Biden ordered flags to be flown at half-staff at the White House and all public buildings and grounds through Tuesday.

Police said later Friday that the second officer struck by the car, who was not identified, was in stable condition. One law enforcement source said the officer had broken bones.

Evans' death is the second in the line of duty for the U.S. Capitol Police this year. Officer Brian Sicknick died from injuries sustained during the Jan. 6 insurrection; two other officers died by suicide in the weeks after that attack. Prior to this year, a total of four officers had died in the line of duty in the history of the force, according to the Capitol Police.

The incident does not appear to be related to terrorism, according to Robert Contee, acting chief of D.C. Metropolitan Police.

“We need to understand the motivation," he said.

Pittman said Capitol Police did not have the suspect on file, and there were no early indications that the incident was related to a threat to any specific member of Congress.

A law enforcement official familiar with the case identified the suspect as Noah Green, 25, of Indiana. Investigators were digging into Green's background in search of a motive.

"We haven't found any manifestos," a senior law enforcement official said. "We haven't found anything like he hates cops or Congress."

In the last month, Green lost his job and apartment in Indiana, the official said, and police were trying to determine where he had been living.

Green was a 2019 graduate of Christopher Newport University in Newport News, Va., with a degree in finance. He played on the university's football team in the fall 2017 and fall 2018 seasons.

Two law enforcement officials told the Los Angeles Times that authorities were reviewing social media posts made by Green, including items related to the Nation of Islam. A Facebook page that appeared to belong to him had been taken down Friday night, according to multiple media reports.

At approximately 1:10 p.m. Friday, Capitol staff were instructed by Capitol Police to remain indoors and away from external windows due to an "external security threat."

Video shot by reporters on the scene showed at least two dozen National Guardsmen running in a line toward the intersection as people trying to enter the Capitol were directed away. Other uniformed security forces were deployed around the area. Another video showed what appeared to be a National Park Service helicopter landing on the lawn on the East Front of the Capitol.

Tensions have been high in Washington since the Jan. 6 insurrection, when mobs of violent supporters of President Trump stormed the Capitol.

"It did bring back memories of Jan. 6," Rep. Ro Khanna (D-Fremont) told CNN.

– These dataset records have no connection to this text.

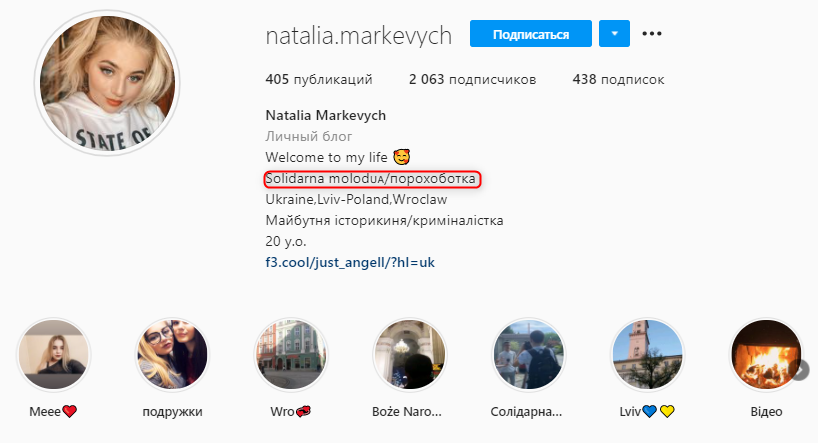 Она активно ведет свою страницу в Instagram, где не скрывает свои политические взгляды, называя себя "порохоботкой" и публикуя совместные фото с политиками - Софьей Федыной, Порошенко и его семьей, а также экс-спикером Рады Андреем Парубием.
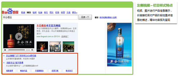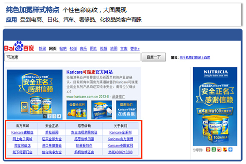 1. 黄金首屏位置,减少搜索流失。2. 树立品牌形象 ,建立企业重要沟通渠道。3. 浓缩官网精华内容,提供便捷的销售通路。标准样式
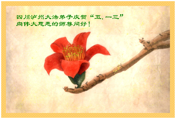 伟大的师尊: 5月13日是世界大法日,是师尊向宇宙内众生开始传授宇宙大法的日子,是宇宙众生永远都最值得纪念的日子。在世界法轮大法日暨师尊生日即将到来之际,我谨代表湖北全体大法弟子向师尊表达最崇高的敬礼,我们一定牢记师尊的教诲,认真做好三件事,救度可救度的世人,不辱正法时期大法弟子的历史使命,完成我们的史前大愿!请师尊放心。 湖北全体大法弟子 二零零八年五月十日 中国大陆军队内的大法弟子恭祝师父生日快乐!
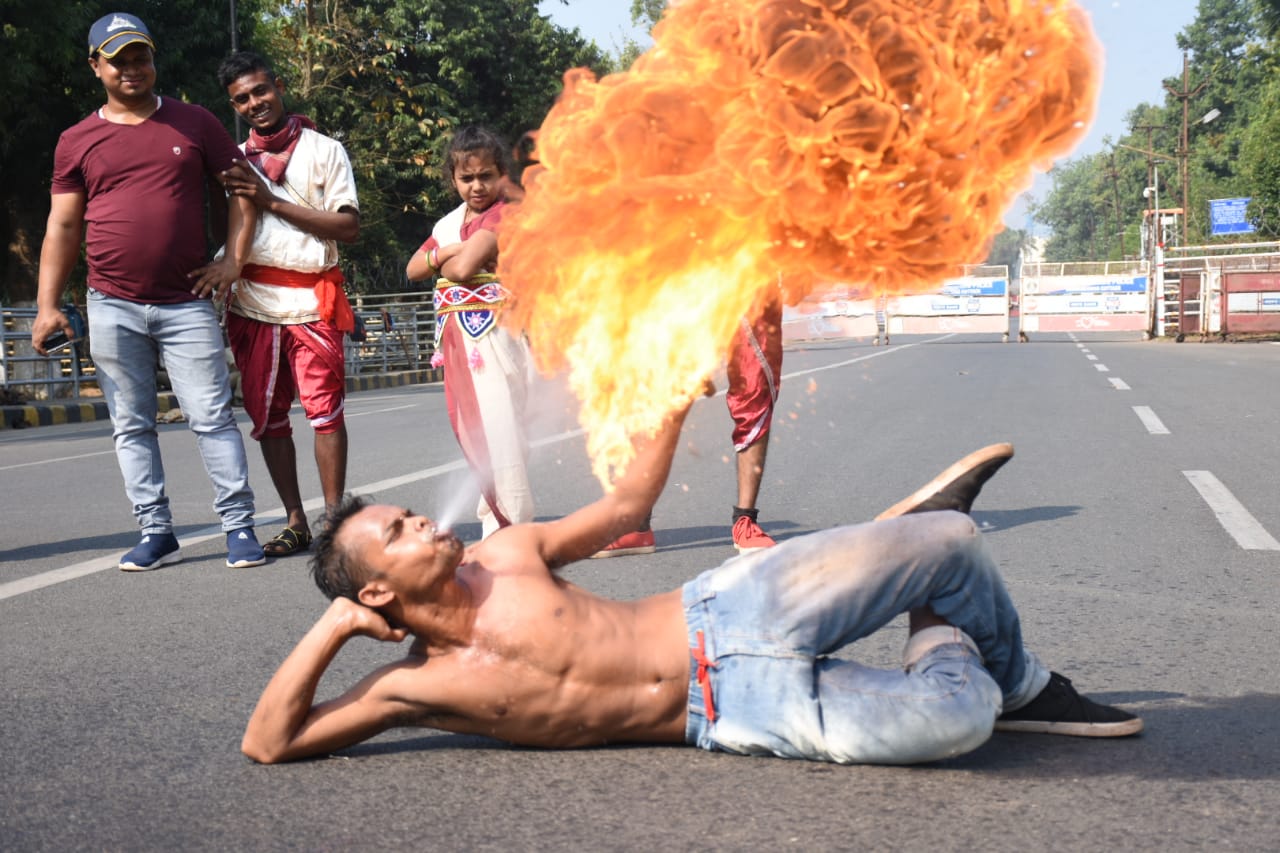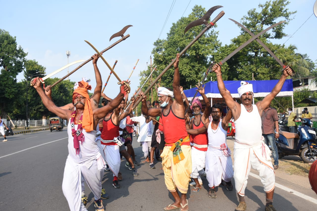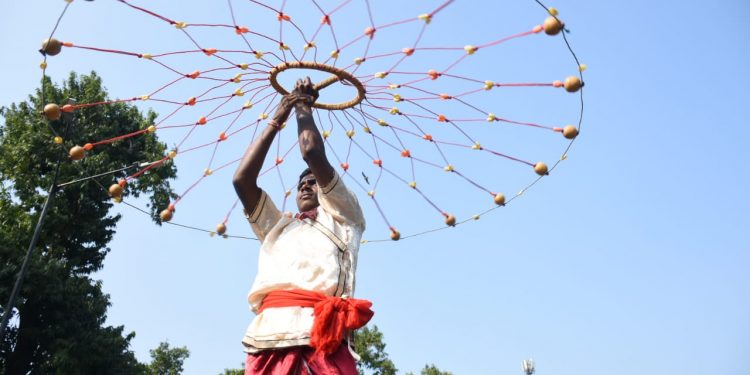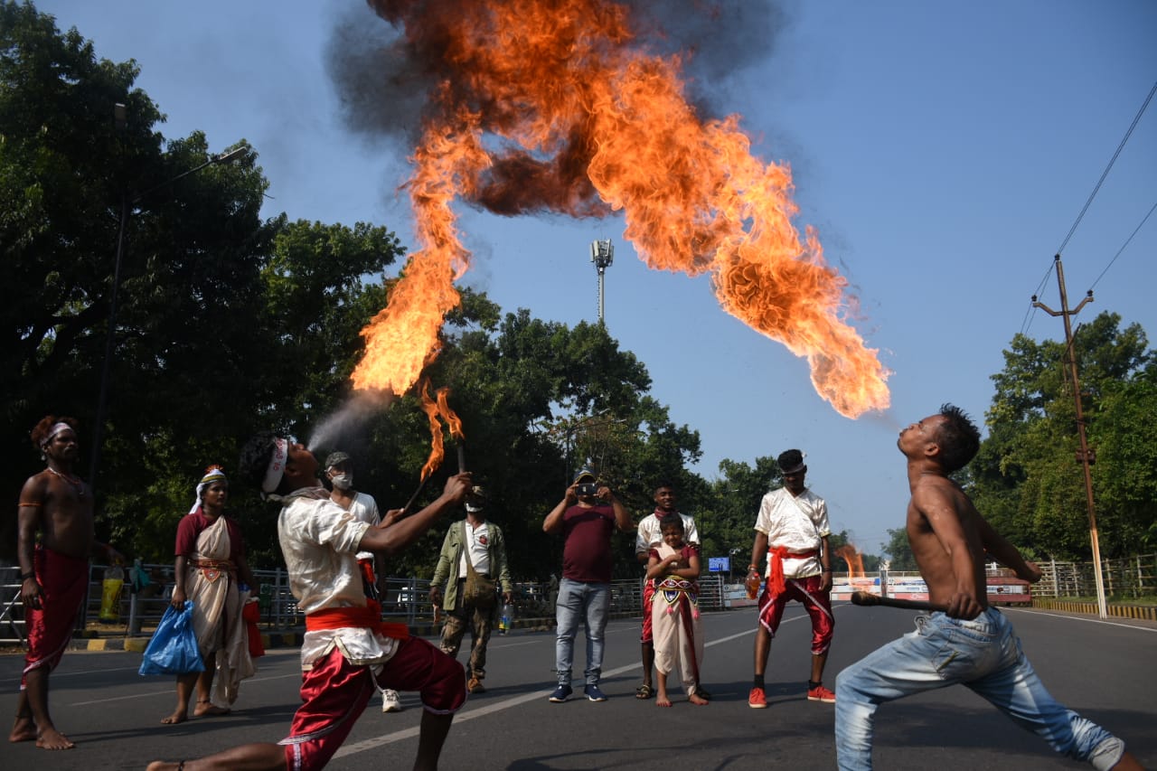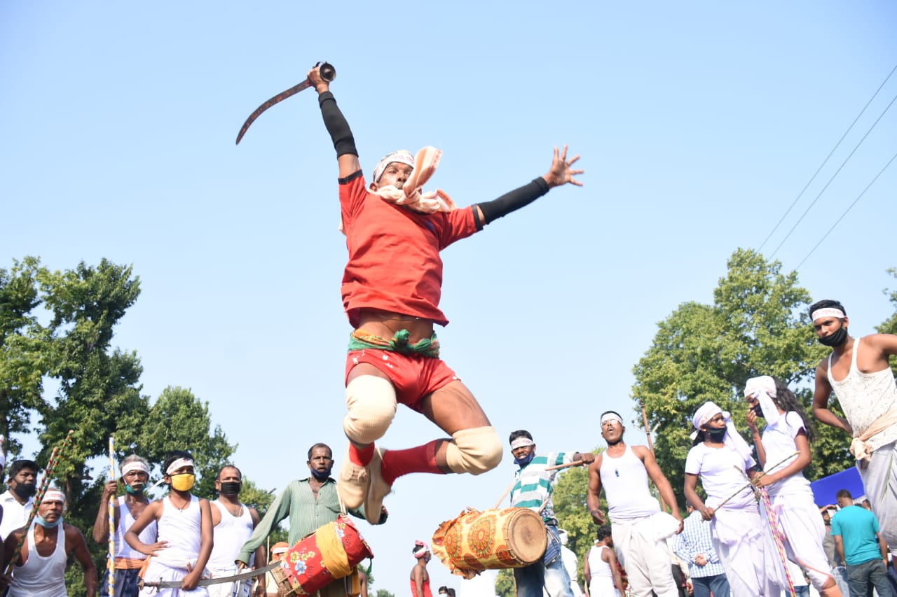 Display of traditional martial arts at PMG Square in Bhubaneswar on occasion of 121st birth anniversary of Harekrushna Mahatab

The black fencing and enhanced security that enclosed the sprawling Capitol complex in the wake of that attack had started to come down in recent weeks. The security perimeter shrank, although the fencing is still up at the intersection on the north side of the complex where the incident took place.

Security recommendations have called for additional permanent fencing at the Capitol, but lawmakers of both parties have been hesitant to support this, worried about the optics of Congress walling itself off from the public. Friday's incident is likely to reignite those conversations.

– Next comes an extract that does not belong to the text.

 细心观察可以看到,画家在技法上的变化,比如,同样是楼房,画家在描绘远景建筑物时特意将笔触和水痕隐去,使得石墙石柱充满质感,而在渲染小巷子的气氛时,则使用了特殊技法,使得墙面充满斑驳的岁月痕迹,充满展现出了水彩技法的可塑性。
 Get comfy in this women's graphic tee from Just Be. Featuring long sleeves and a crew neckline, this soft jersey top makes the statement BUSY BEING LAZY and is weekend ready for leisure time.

Sen. Dianne Feinstein (D-Calif.) called for a review of the Capitol's security provisions.

"This is the second attack on the Capitol in just three months, and it has become clear the Capitol is increasingly seen as a target," she said.

Rep. Tim Ryan (D-Ohio), who leads one of the subcommittees that oversees the Capitol Police, said the incident would spark closer scrutiny of the fences that have lined the complex for three months and calls to remove them.

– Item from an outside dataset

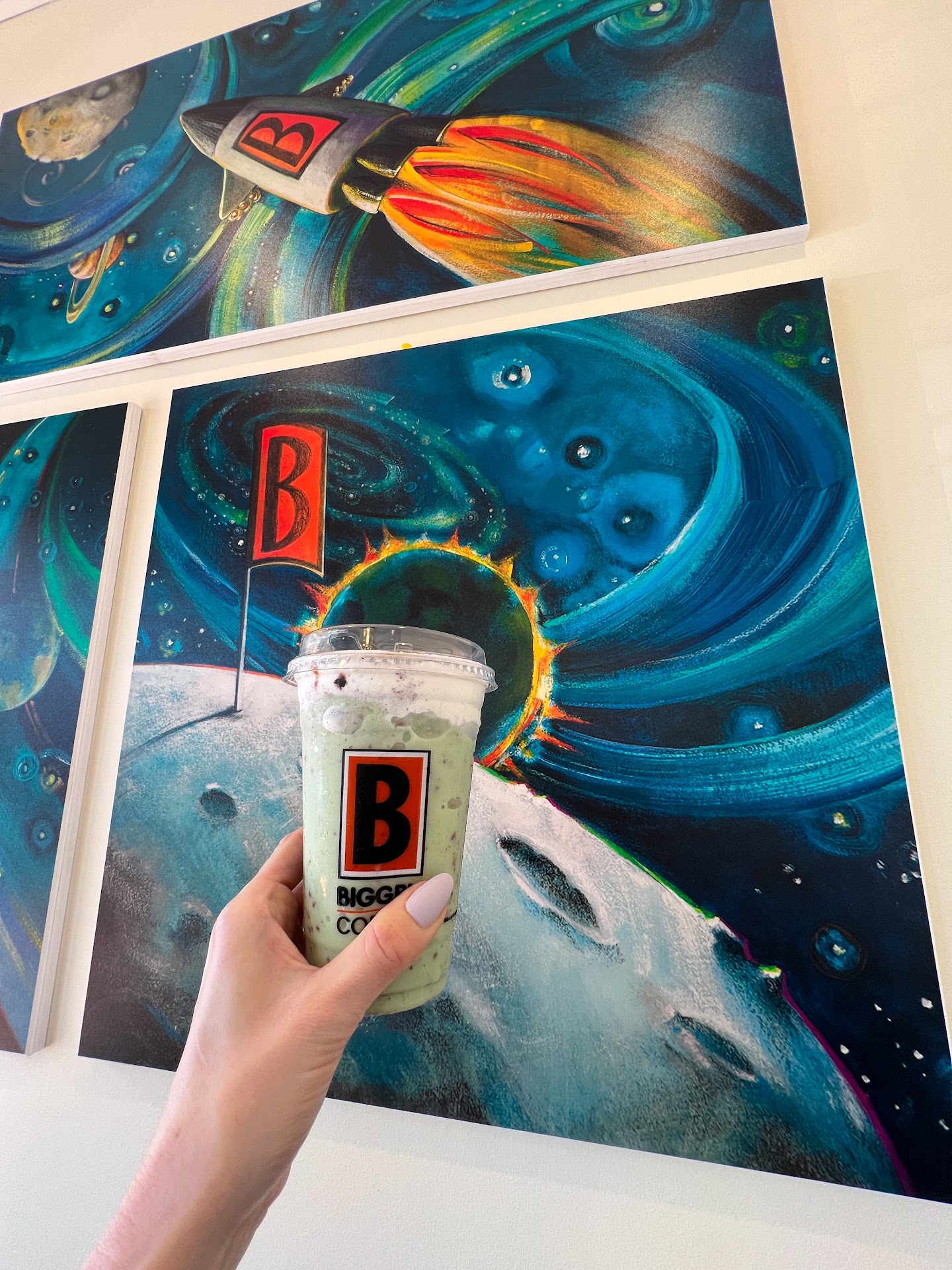 I asked the baristas which items were their faves off of the specials menu and they gave me great suggestions! I went with the mint creme freeze with the whipped topping and it was so pretty and delicious! I was not expecting the pretty art on top; what a nice surprise! I would definitely order again despite myself not usually being a huge mint flavored fan. This mint chip freeze reminded me of a much better version of Starbucks Java chip.

“It’s a disturbance. It's an eyesore. It sucks. Nobody wants that there,” Ryan said of the fence. “But the question is whether the environment is safe enough to be able to take it down and, in the meantime, maybe that fence can prevent some of these things from happening.”

In 2016, Capitol Police shot a man who tried to bring a fake Beretta into the Capitol Visitor Center.

Congress is on recess this week for the spring holidays, so the Capitol complex had far fewer people than normal. The vast majority of lawmakers were expected to be in their districts and not in the Capitol. On a recess day, the building is still populated by staff members, reporters and police officers.